Related URL: http://dx.doi.org/10.1063/1.1940058


We present a solvent-implicit minimalistic model potential among the amino acid residues of proteins, obtained by using the known native structures [deposited in the Protein Data Bank (PDB)]. In this model, the amino acid side chains are represented by a single ellipsoidal site, defined by the group of atoms about the center of mass of the side chain.
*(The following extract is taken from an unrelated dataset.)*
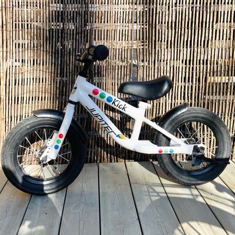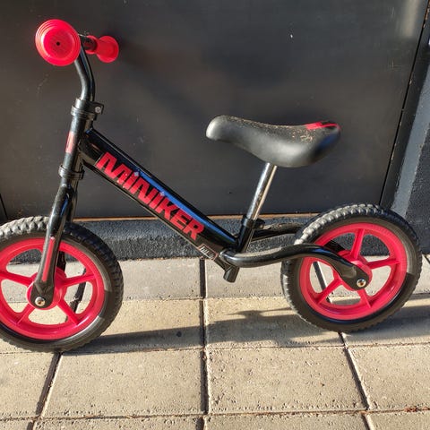 Toimiva, kestävä, kevyt First Bike potkupyörä tasapainon ja pyöräilyn opetteluun. Paljon käytetty, mutta kunto edelleen hyvä, hieman punainen väri haalistunut alkuperäisestä. Sopii noin 2–4 -vuotiaille, säädettävä satulan korkeus 30,5 cm - 44,5 cm.

These ellipsoidal sites interact with other sites through an orientation-dependent interaction potential which we construct in the following fashion. First, the site-site potential of mean force (PMF) between heavy atoms is calculated [following F. Melo and E. Feytsman, J. Mol. Biol. 267, 207 (1997) ] from statistics of their distance separation obtained from crystal structures. These site-site potentials are then used to calculate the distance and the orientation-dependent potential between side chains of all the amino acid residues (AAR). The distance and orientation dependencies show several interesting results. For example, we find that the PMF between two hydrophobic AARs, such as phenylalanine, is strongly attractive at short distances (after the obvious repulsive region at very short separation) and is characterized by a deep minimum, for specific orientations. For the interaction between two hydrophilic AARs, such a deep minimum is absent and in addition, the potential interestingly reveals the combined effect of polar (charge) and hydrophobic interactions among some of these AARs. The effectiveness of our potential has been tested by calculating the Z-scores for a large set of proteins. The calculated Z-scores show high negative values for most of them, signifying the success of the potential to identify the native structure from among a large number of its decoy states.

Item Type:Article
Source:Copyright of this article belongs to American Institute of Physics.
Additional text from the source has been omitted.